Very rarely, the best treatment option is to remove the affected limb (amputation). This may be because:
- the cancer is large
- limb-sparing surgery could affect major blood vessels
- there is a high risk limb-sparing surgery will greatly affect how the arm or leg works
- limb-sparing surgery could cause long-term pain.
After discussing everything with your cancer doctor, and close family or friends, you might choose to have an amputation instead of limb-sparing surgery.
Surgery is one of the main treatments for soft tissue sarcomas in the head and neck area. The type of surgery you have will depend on the exact position and size of the tumour. Your surgeon will discuss this with you before the operation.
It is important that you understand what is going to be removed and how this will affect you after the operation, both in the short-term and long-term.
There may be a risk your speech, swallowing or eating could be affected for a time after surgery. If this may happen, you will meet a speech and language therapist (SLT) or dietitian before and after the operation. Your surgeon will do everything possible to minimise the changes surgery may cause to your appearance, speech and swallowing.
If the operation involves removing tissue that is used for speech and swallowing, or affects your appearance, you may have reconstructive surgery as part of the operation. This is when the surgeon takes tissue from another part of the body, such as the forearm, thigh or chest, and uses it to replace the tissue they take from the head and neck.
We have more information about surgery for a head and neck cancer.
Depending on the size and position of the tumour, the surgeon may have to remove a large area of tissue. This area may include important nerves and blood vessels. You may need to have surgery to reconstruct the area. The reconstruction will be done at the same time as your operation.
The aim of reconstructive surgery is to make the area look and work as naturally as possible. The exact surgery you have will depend on where in your body the sarcoma is and how much tissue the surgeon needs to remove.
If only a small area needs been removed, the surgeon may be able to join the two edges together again. But for larger areas, they may need to use a skin graft or tissue flap.
A skin graft is a very thin layer of skin. The surgeon (often a plastic surgeon) takes a layer of skin from another part of the body (the donor site).

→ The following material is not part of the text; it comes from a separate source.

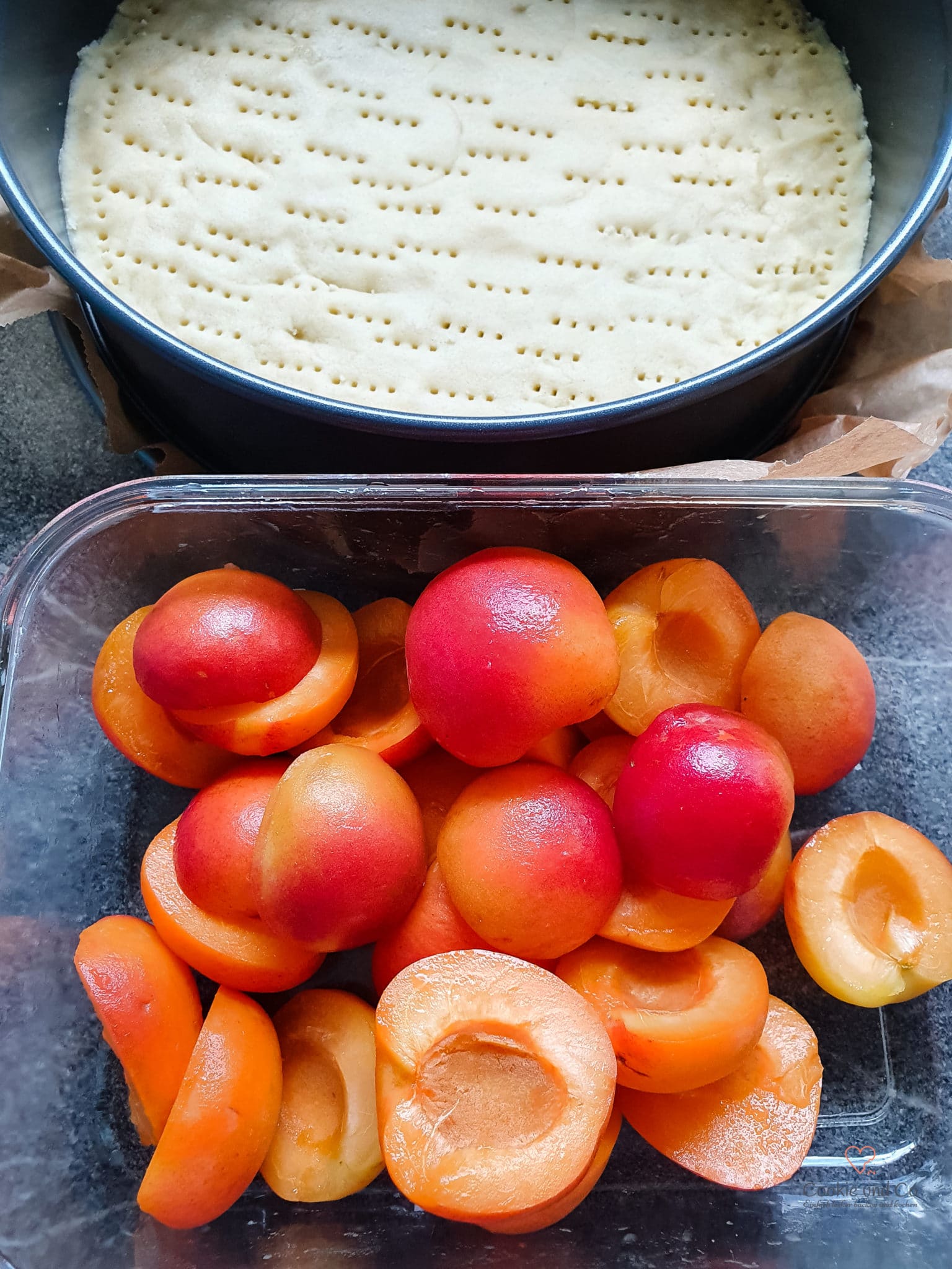 - Etwas von der Füllung auf dem Boden verteilen.Die Aprikosenhälften gleichmäßig darauf verteilen (mit der Rundung nach oben).Anschließen die restliche Füllung auf die Aprikosen geben und glatt streichen.

Then they put it over the area where they removed the cancer from.
The outer thigh is a common place to take the skin from. But a skin graft for the face is usually taken from behind the ear or the neck area. This is done to try to get a good skin colour match.
After the operation, you normally have a dressing over the area to press the graft down. This helps create a good blood supply from the blood vessels underneath.

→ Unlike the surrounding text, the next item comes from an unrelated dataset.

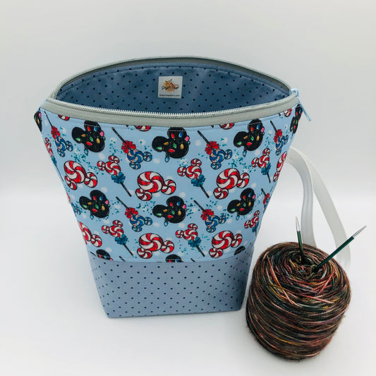 Peppermint Mouse Friends Holiday Knitting and Crochet Zipper Style Project Bag | XL Sock Size

Sometimes, plastic surgeons need to use a specialist technique to repair the operation site. They use a slightly thicker layer of skin and tissue than for a skin graft, which includes fat and muscle. This is called a tissue flap. There are several different types:
- A local flap uses tissue from an area close to where the cancer has been removed.

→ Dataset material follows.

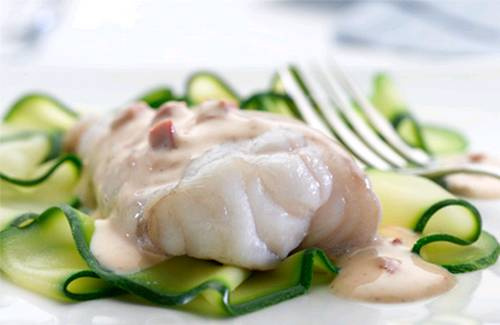 Faites cuire les lamelles de courgette dans de l'eau chaude pendant une minute, égouttez puis disposez-les sur 2 assiettes. Versez la lotte et la sauce curry par-dessus.

- A pedicle flap uses tissue from an area further away, but close enough to keep the flap connected to its original blood supply.
- A free flap uses tissue that has been completely removed from another part of the body, along with its blood vessels.
The surgeon and specialist nurse will explain your operation to you and answer any questions you have.
Surgery is sometimes used to remove a sarcoma that has spread to other parts of the body or come back after treatment.
An operation is usually only possible if the tumours are small and there are only a few of them. It is mainly done when the sarcoma has spread to the lungs, but may be used for tumours in other parts of the body.
If you need to have this operation, your doctor will talk to you about it.